Письма на воде (СИ) - Гринина Наталья "NataBusinka"
И как тогда, Хэ Су мерно дышала, обняв колени, прикрытые мягкими складками молочно-голубого сарафана. Её длинные распущенные волосы струились по плечам, зябко подрагивающим под тонкой ажурной кофточкой, хотя в комнате было очень тепло.
Видимо, Хэ Су снилось что-то нехорошее, потому что она хмурилась и её слипшиеся от невысохших слёз ресницы подрагивали. Под глазами у неё залегли тревожные тени, а болезненно бледная кожа щёк будто светилась, маня прикоснуться.
Ван Со, застыв, зачарованно смотрел на неё. Смотрел и смотрел, не в силах оторваться, не веря своим глазам.
Сколько раз он переживал подобное, точно так же жадно любовался ею, а потом… А потом просыпался и выл в измятую и мокрую от рыданий подушку, горюя о потерянном сне и отчаянно желая вернуться туда, к ней.
Теперь же он мог протянуть руку – и коснуться Хэ Су, живой, реальной, осязаемой.
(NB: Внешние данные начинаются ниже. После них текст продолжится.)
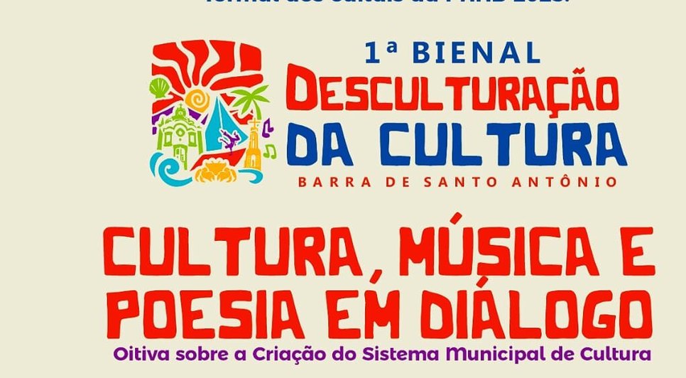 Com o objetivo de fortalecer a identidade local e democratizar o acesso à produção artística, a Prefeitura de Barra de Santo Antônio realiza, a partir da próxima terça-feira (4), a 1ª Bienal “Desculturação da Cultura”, promovida pela Secretaria Municipal de Cultura. O evento, que integra o calendário do Dia Nacional da Cultura (5 de novembro), segue até o dia 9 e propõe uma imersão nas manifestações populares, urbanas e tradicionais que formam a diversidade cultural barrense.
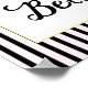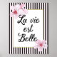 This feminine, chic poster contains the French phrase "La vie est Belle", or "Life is Beautiful" in black elegant script with a faux gold foil thin frame. The border of the poster made of Parisian black and pink stripes, and beautiful illustrated cherry blossoms decorate the corners.
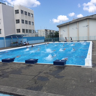 夏本番の陽気が続いています。プールはこの夏のため、色を鮮やかなブルーに塗り替え万全の準備で生徒が泳ぐのを待ってくれていました。生徒の歓声が響きわたっています。
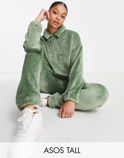 ASOS DESIGN Tall - Ensemble sweat zippé et jogger confort en polaire ultra-douce - Vert
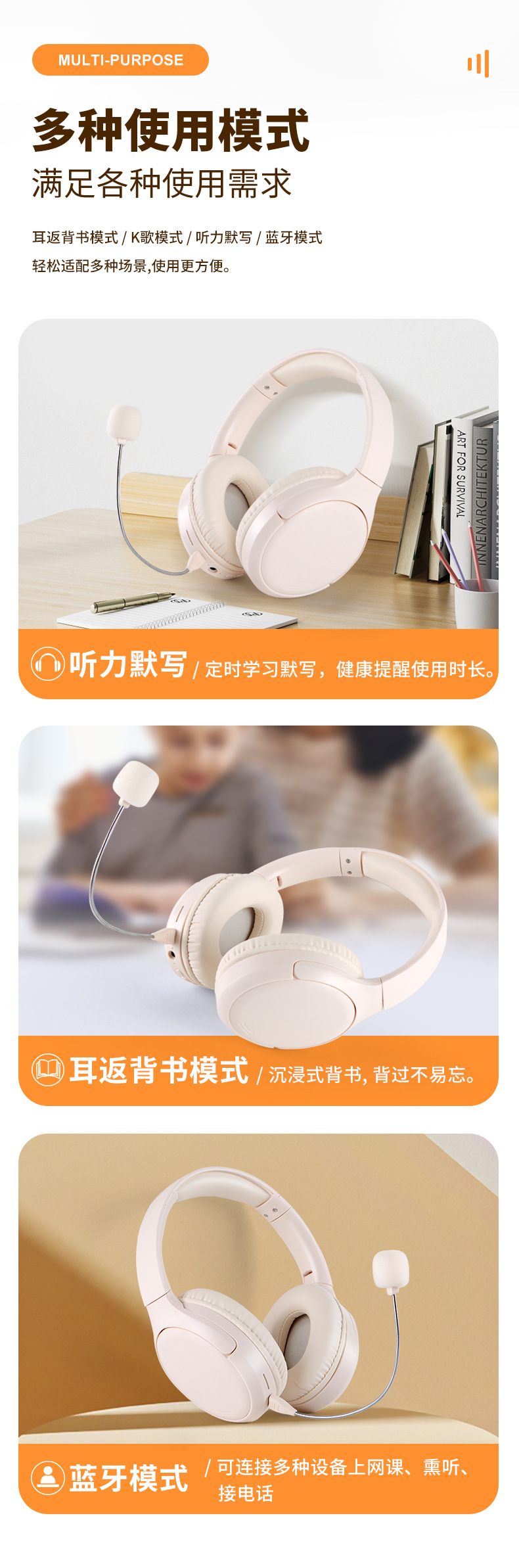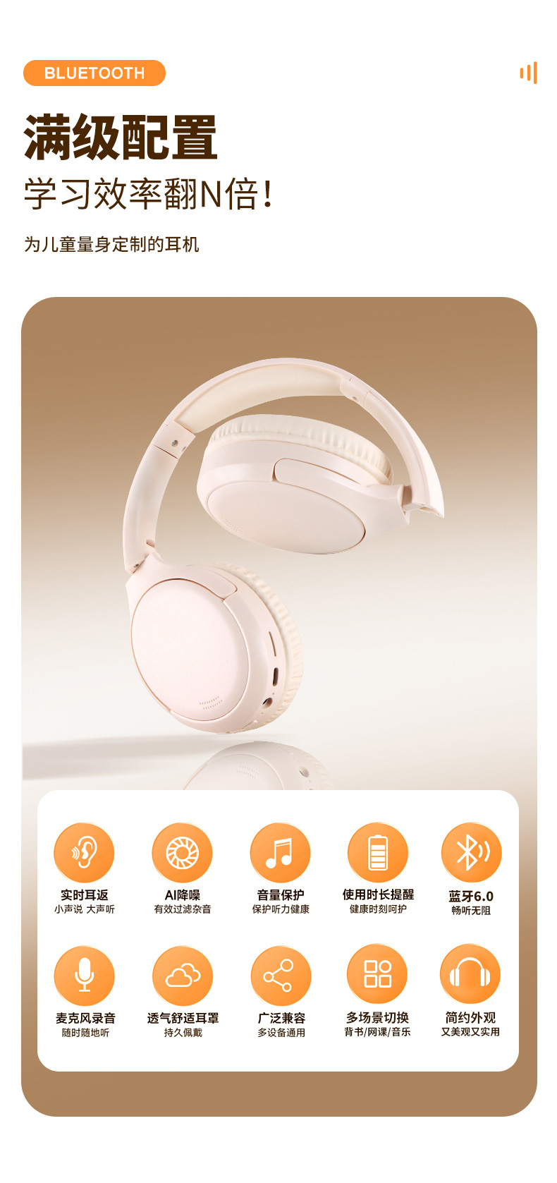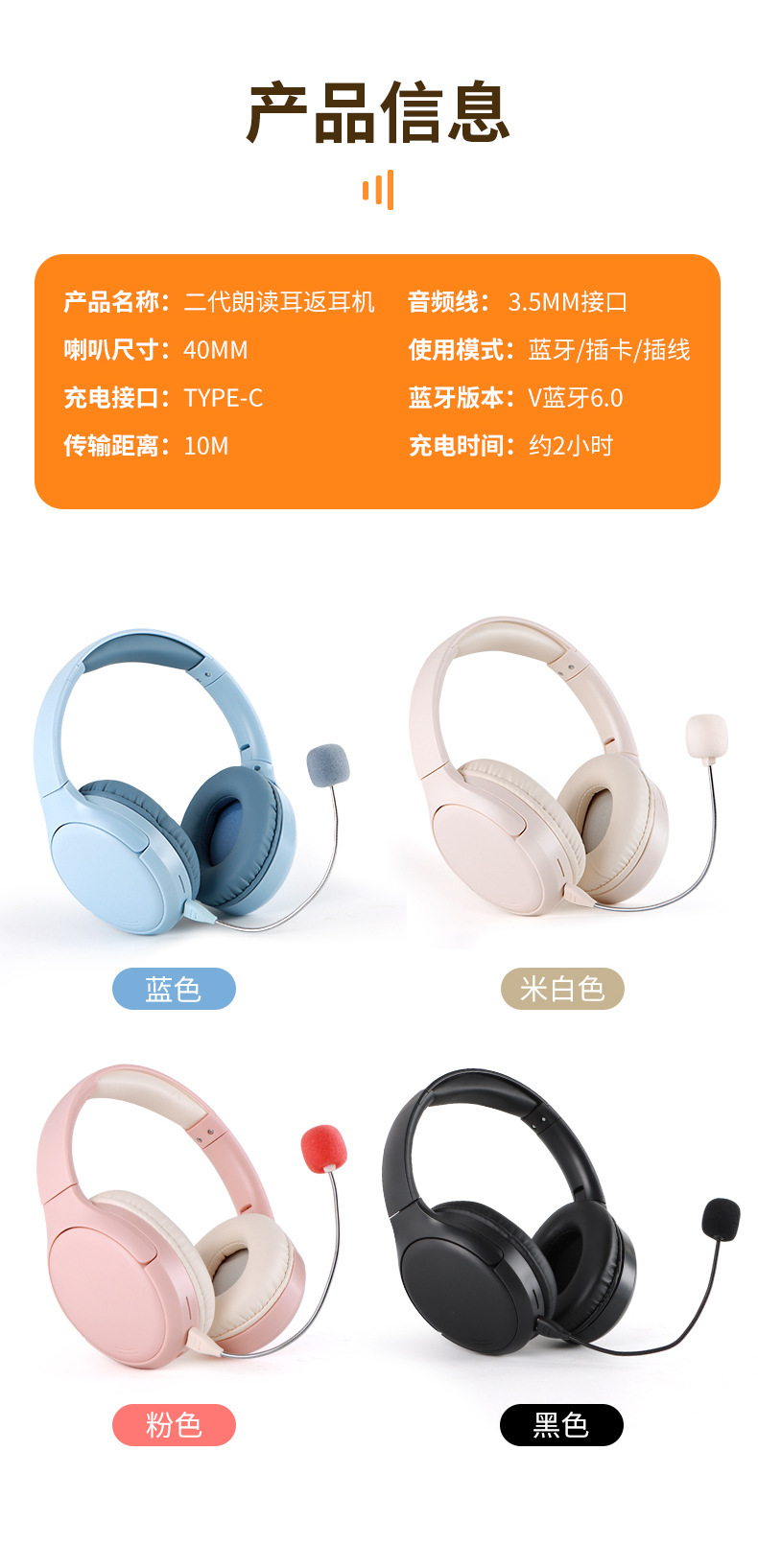 Student Ear Back Earphones Endorsement Artifact Long Range Wireless Bluetooth Recitation Learning Headset Bluetooth 6.0
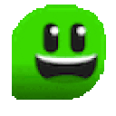 A vibrant green pixel art emoji with a wide, happy smile, often used as a 'Kick' platform sticker.

Его пальцы жгло от нестерпимого желания дотронуться до неё, но Ван Со медлил, продлевая свою пытку.
И смотрел.
Смотрел, наконец-то оттаивая и позволяя себе поверить.
Он помнил её такой. И не такой. Он помнил её всякой: дерзкой и задиристой, величественно холодной и неприступной, мягкой и нежной, страстной и чувственной. Он видел её в потрёпанных обносках, окровавленных лохмотьях, дорогих шелках и первозданно нагой. Он помнил и боготворил её в любом её проявлении, потому что это всё была она. И пусть Хэ Су неуловимо изменилась, у неё не было замысловатой причёски, тяжёлых украшений и древних вышитых одеяний, она всё равно осталась прежней – его Су.
Странная штука – память! Она способна вмещать столько всего, что, казалось бы, невозможно охватить разумом. А воспоминаниями – можно. Ван Со помнил свою жизнь в Корё, все свои жизни после – и не сходил при этом с ума. Поразительно и даже как-то пугающе, что ли…
Но ярче всего, отчётливее всего произошедшего с ним за эту тысячу с лишним лет он помнил Хэ Су. Каждый её взгляд, каждый поворот головы, каждый жест, каждое слово…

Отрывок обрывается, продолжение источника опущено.